An interpersonal, commicratic justice system—such as palaver courts or redeem-systems—asks deeper questions:
- Did the accused understand the rule?
- What harm occurred, and to whom?
- Can the harm be repaired?
- How does justice restore social equilibrium?
Here, first offences are assessed holistically, not punitively. Ignorance of complex law may constitute legitimate exception, while violations of universally known moral prohibitions—violence, theft, abuse—remain fully accountable. Justice becomes restorative rather than retributive, without sacrificing responsibility.
5. Law-Making: Abstract Authority versus Lived Consensus
Bureaucratic law emerges from distant institutions, drafted by specialists insulated from daily consequences. Citizens are expected to obey laws they did not author, understand, or consent to—often under the maxim that ignorance of the law is no excuse.
Commicratic law-making is interpersonal and participatory. Laws arise from collective social reasoning, shaped by lived experience. Complexity is not weaponised against citizens; instead, the burden of clarity lies with the State. Here, law is not a trap but a shared social instrument.

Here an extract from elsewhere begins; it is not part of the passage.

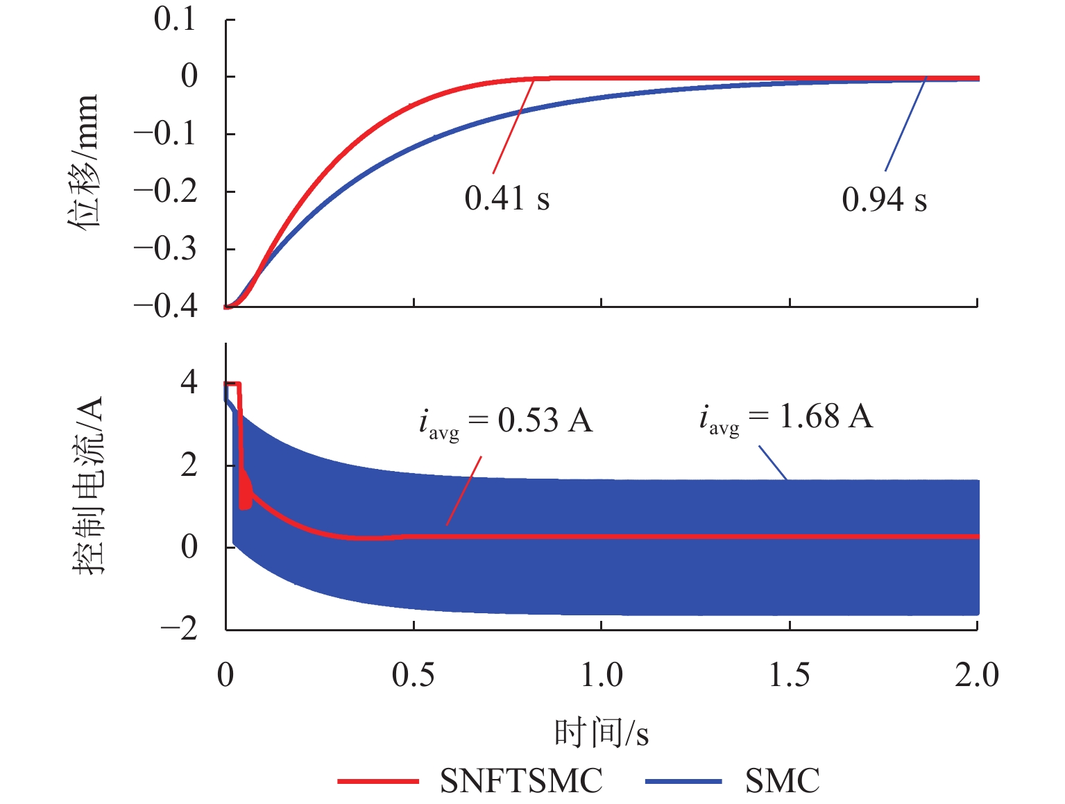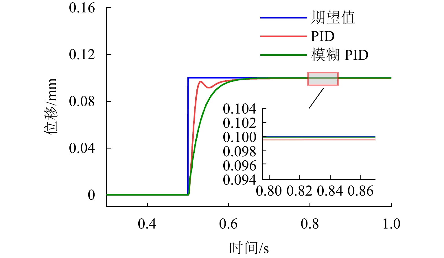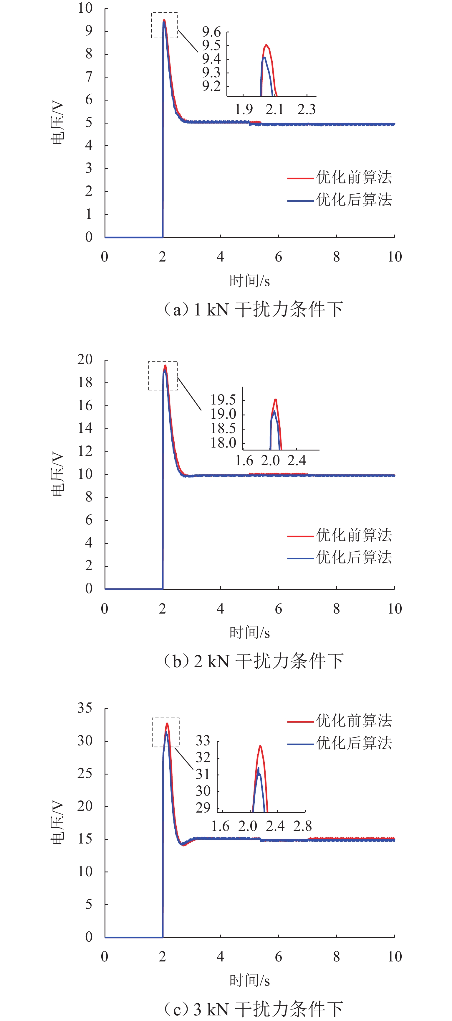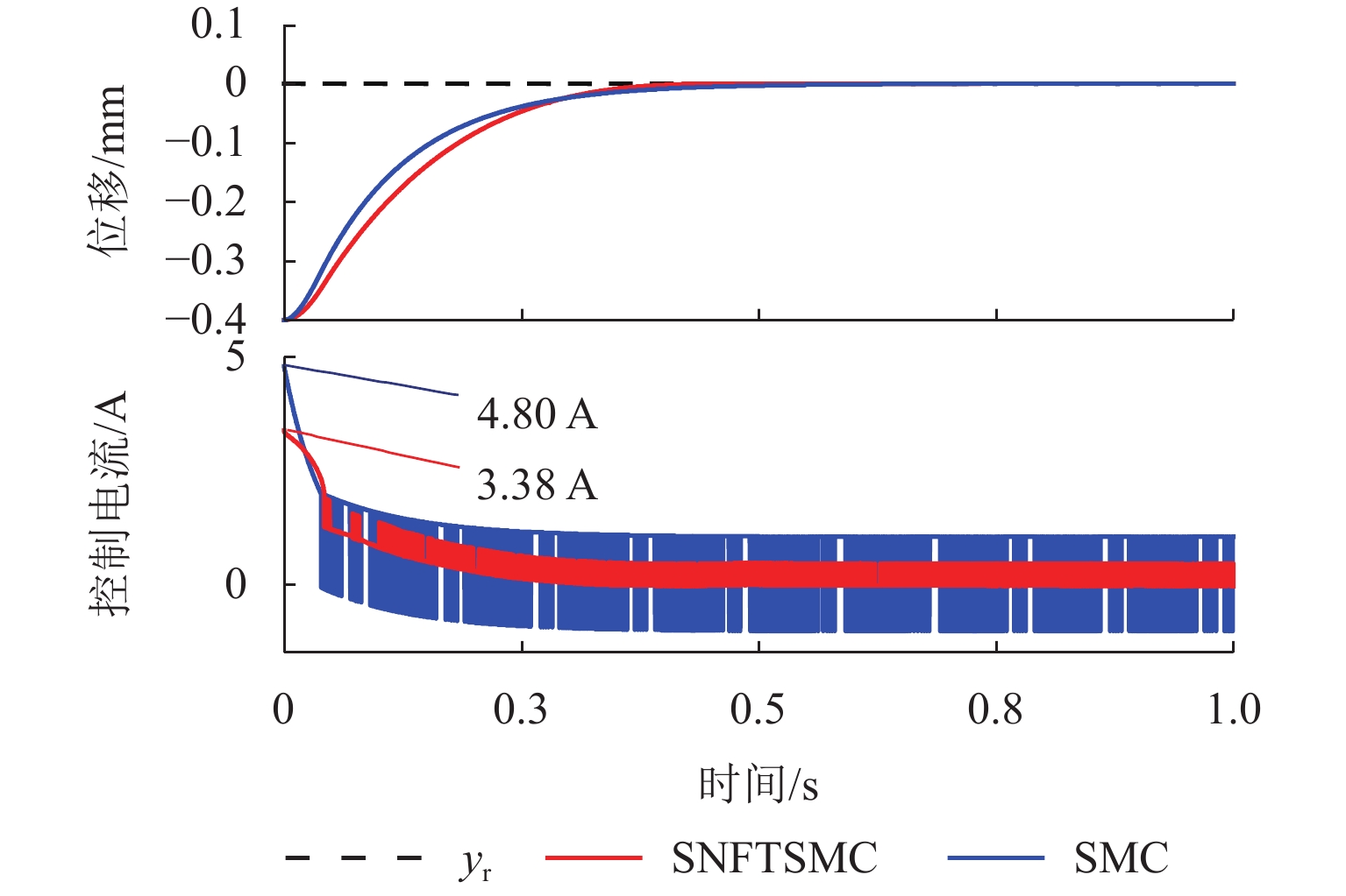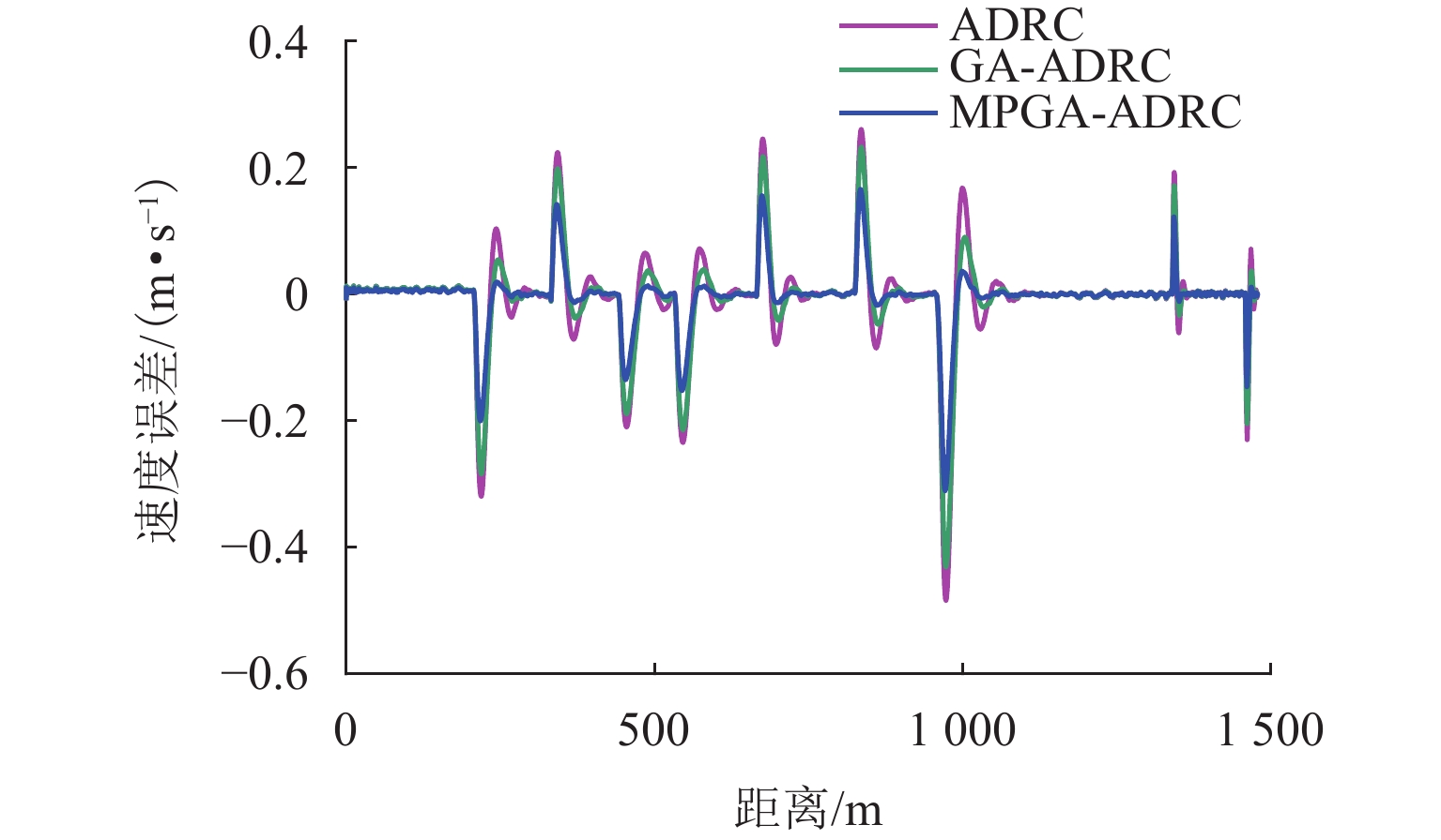 ResultsThe simulation results show that under the disturbance-free condition, the system can effectively realize the lateral trajectory tracking control function under PID, MPC, NMPC, and NMPC-ESO control strategies. The response speeds of the various controllers are relatively similar. The PID controller exhibits the largest overshoot, while MPC experiences some overshoot, though significantly smaller than that of PID. Both NMPC and NMPC-ESO have minimal overshoot, with their response curves closely resembling each other, indicating that ESO has no noticeable effect. Under external disturbance conditions, the addition of ESO significantly improves the anti-disturbance ability of NMPC. The lateral displacement fluctuations are minimal for NMPC-ESO, and the system recovery time is the shortest. When sensor measurement noise is introduced, the system can stably control within a range close to the target position under NMPC control, but there is still an error compared to the target position. Due to the excessive sensitivity of ESO to the noise, it overcompensates the deflection angle, leading to instability in the NMPC-ESO control after ESO’s application. To address this issue, an EKF is introduced to suppress the impact of internal noise on ESO’s disturbance estimation. Under both internal and external disturbance conditions, NMPC-ESO-EKF significantly improves the lateral trajectory tracking accuracy by 89.77% and greatly enhances the anti-disturbance ability, demonstrating the necessity of incorporating EKF. The experimental results indicate that the error between the values filtered by EKF and the true values is very small. PID-EKF exhibits significant overshoot and oscillation under various operating conditions, which poses safety concerns in practical engineering applications. Under short-distance constant reference signals, compared to PID-EKF control, NMPC-ESO-EKF reduces the overshoot by 98.90% to 2.12 mm, with the shortest system settling time of 4.7 s, which is reduced by 47.78%. Under square wave reference signals, the trajectory tracking curves of MPC-EKF, NMPC-EKF, and NMPC-ESO-EKF are all relatively stable, with NMPC-ESO-EKF showing the smallest average overshoot and tracking error, improving performance by 93.77% and 36.13%, respectively, compared to PID-EKF. Under long-distance constant reference signals, larger overshoots are observed across all controllers. After applying continuous disturbances, each controller can make the system return to the stable target value. After stabilization, the input deflection angle fluctuates around −10° to continuously resist external disturbance; the displacement fluctuation amplitude of MPC-EKF is the largest, with the longest recovery time; the anti-disturbance ability of NMPC-ESO-EKF is optimal, with the fluctuation amplitude reduced by 34.51% and the recovery time shortened by 42.08% compared to PID-EKF.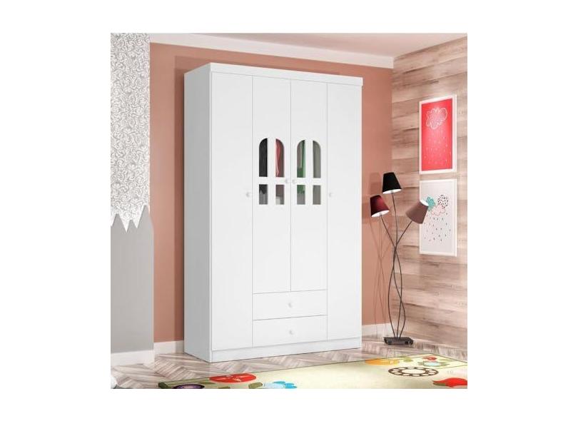 Guarda Roupa de Bebê 4 Portas 2 Gavetas Alvin Branco

6. The Military: Command Obedience versus Ethical Commission
Bureaucratic militaries are organised around unquestioning obedience. Moral responsibility is displaced upward: soldiers follow orders, commanders issue commands, and accountability dissolves into hierarchy. This structure enables efficiency—but also atrocity.
An interpersonal framework recognises that ethical agency cannot be suspended by uniform. Commicratic military organisation emphasises commissioned responsibility: soldiers are not mere executors, but moral actors bound by shared ethical codes and collective accountability. Authority becomes conditional, not absolute.
7. Family Structures: Hierarchy versus Relational Ethics
Bureaucratic logic often infiltrates family life through rigid hierarchies: patriarchal authority, role fixation, emotional suppression. Obedience replaces dialogue; control replaces care.
Commicracy re-centres the family as a relational institution, governed by interpeer ethics. Authority exists, but it is reciprocal and accountable. Decisions are guided by the same maxim: Do unto others as you would wish done to you. This does not erase structure—it humanises it.
8. Banking and Economic Institutions: Extraction versus Reciprocity
Bureaucratic banking systems are impersonal by design. They evaluate creditworthiness, enforce contracts, and extract value without regard to social consequence. Human hardship is irrelevant to algorithmic decision-making.
Commicratic economic institutions operate on reciprocity rather than extraction. Economic participation is embedded within social responsibility. Risk is shared, access is equitable, and survival is not conditional on procedural compliance alone. The economy becomes a social organ, not a predatory mechanism.
9. Education: Standardisation versus Human Development
Bureaucratic education prioritises standardised testing, credentialism, and institutional ranking. Students are processed rather than cultivated; intelligence is measured rather than nurtured.
Interpersonal education recognises learners as developing moral and cognitive beings, not data points. Teaching adapts to capacity, context, and purpose. Knowledge becomes a social tool, not a competitive weapon.
10. Hierarchy as a Moral Failure
Ultimately, bureaucracy’s devotion to hierarchy is not neutral—it is ethically corrosive. Hierarchy concentrates decision-making while diffusing responsibility. It teaches people to obey rather than to reason, to comply rather than to care.
Commicracy does not abolish structure, but it rejects domination. Authority is horizontal, relational, and reversible. Leadership emerges through trust and competence, not position.
Conclusion: Restoring the Human Face of Governance
Bureaucracy governs by distance. Commicracy governs by relationship.
Impersonal systems may deliver order, but they cannot deliver justice. They may manage populations, but they cannot cultivate moral societies. Interpersonal governance, grounded in reciprocal ethics, restores the human face of power.
To govern others as we wish to be governed ourselves is not naïve—it is the oldest and most enduring principle of civilisation. Commicracy does not invent this truth; it institutionalises it.
In an age where impersonal procedures have replaced conscience, the task before us is not to perfect impersonality, but to re-humanise governance itself.